Он снова шел домой, но теперь не робко, не тропинкой, не в крестьянской свитке, тайком, как беглец, — а широкой дорогой боев и наступлений, в армейской шинели.

Где-то у Богучар добрался он, наконец, до наших войск, он сразу сказал командиру, что хочет опять драться. Он сказал еще, что был в плену и что ему надо искупить свою вину перед отцом и армией и вину эту он сам знает. Он хотел еще прибавить, что не с голыми руками пришел к ним, что, пробиваясь сюда, он и в одиночку и с товарищами не раз нападал на обозы отступающих немцев и бил их, и немало набил. Но, взглянув на суровое, покрытое черной копотью боя лицо командира, ничего не сказал. Что сказать им, стоявшим насмерть под Сталинградом, чем ему перед ними хвастаться? Он был должен сейчас, как они, быть весь в крови и копоти, и чтоб от полушубка пар шел, и на рубахе соль выступала от солдатского труда и пота, и на сапогах снег и грязь всех дорог, от Волги до Дона. Что ж он, чистенький, стоит перед ними, воинами? Ему, беглому солдату, перед ними стыдно.

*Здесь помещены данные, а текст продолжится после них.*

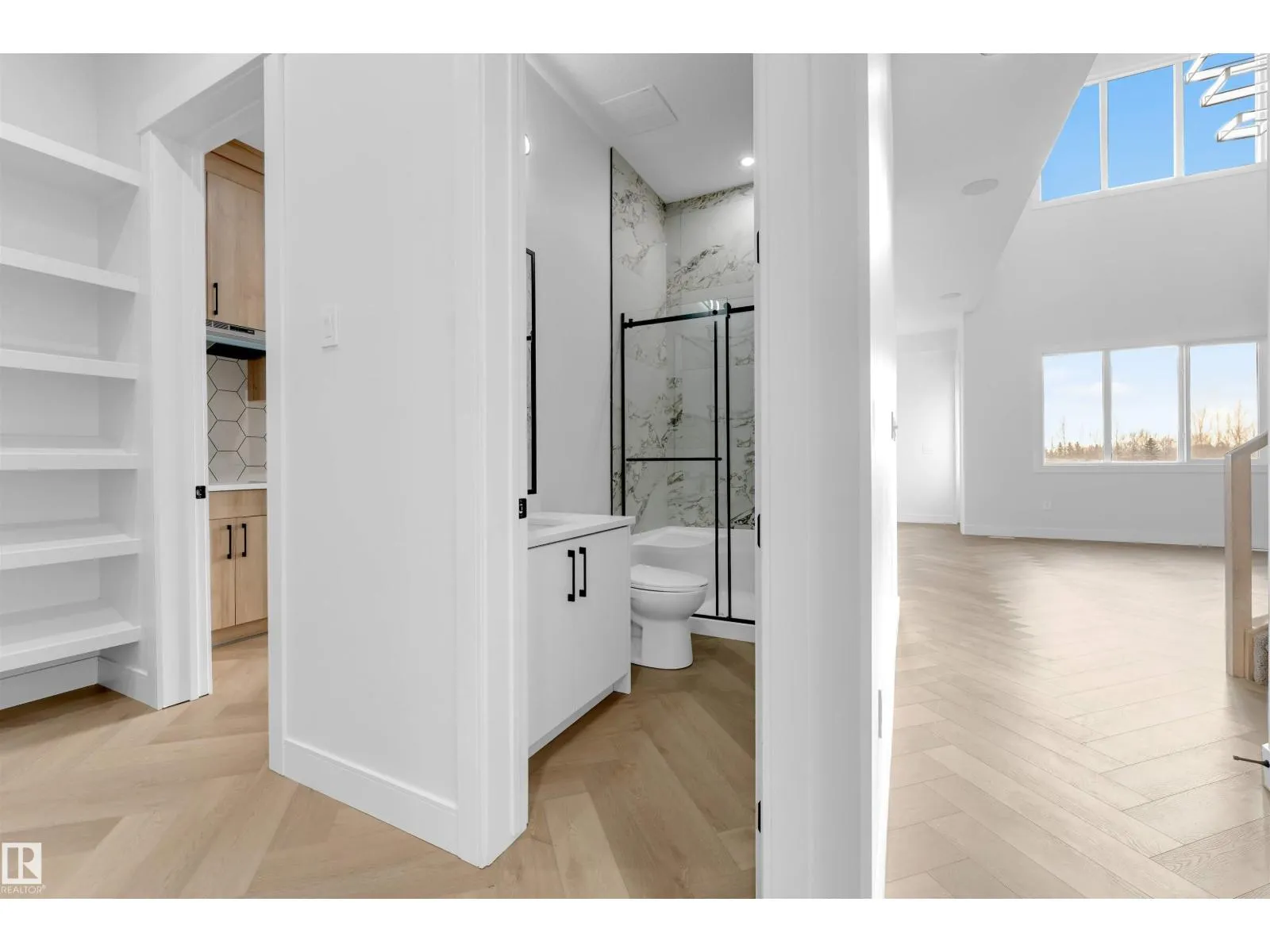 ** MAIN FLOOR BEDROOM AND BATH, OPEN TO BELOW**Welcome to this beautifully designed home in the heart of Nisku, offering a perfect blend of modern comfort and functional living. With an inviting foyer, an open concept main floor, and a bright living area anchored by a stylish fireplace, this home creates an ideal setting for both everyday living and entertaining. The thoughtfully planned kitchen features generous workspace, a convenient servery, and seamless flow to the dining area. A main floor bedroom and full bath add valuable flexibility for guests or multi generational living. Upstairs, the spacious primary suite impresses with a luxury ensuite and walk in closet, accompanied by two additional well sized bedrooms, an upper level family room, and a dedicated laundry space. With its smart layout, elegant finishes, and comfortable spaces throughout, this home delivers exceptional value for families seeking style, convenience, and room to grow. (id:27476)

Андрея долго и строго допрашивали в особом отделе, но не так строго, как он сам много раз допрашивал себя.

Он бы так спросил: «В чем вина твоя, Андрей, перед родиной? — В том вина моя, что я смерти убоялся. — А еще в чем? — А еще в том, что я веру потерял. — Отчего же случилось так, Андрей? — Оттого, что душа у меня была бедная. — А теперь не боишься смерти? — А теперь не боюсь. — Где же ты смертного страха лишился, Андрей? — В рабстве. Рабство горше смерти. — И там же веру нашел? — Нет. Нашел ненависть. Она веры крепче. — Чего ж ты хочешь теперь, Андрей? — Оружия прошу. И места в строю, товарищи. — Зачем тебе оружие, Андрей? Чтоб прощение отца заслужить? — Мне его прощения мало. — Чтоб вину свою перед родиной искупить? — Мне и этого мало. Для одного боя хватит. А я к вам на все бои пришел. — Чтоб ненависть свою насытить? — Ее насытить нельзя. Она — смертная. — Зачем же тебе оружие, Андрей? — Чтоб до конца драться! До победы! На меньшем я не помирюсь».

Так его не допрашивали в особом отделе. А может, и спрашивали, но другими словами, и, внимательно поглядев на него — так, словно в душу глянули, — поверили и направили в строй. Тут ему дали оружие. Он взял винтовку. Она была совсем такая же, как и та, брошенная им в кукурузу, когда сдавался немцам, — обыкновенная русская, трехлинейная, с золотистой ложей и граненым штыком. Отчего же раньше была она для Андрея бесполезным дрекольем, а сейчас показалась грозной силой?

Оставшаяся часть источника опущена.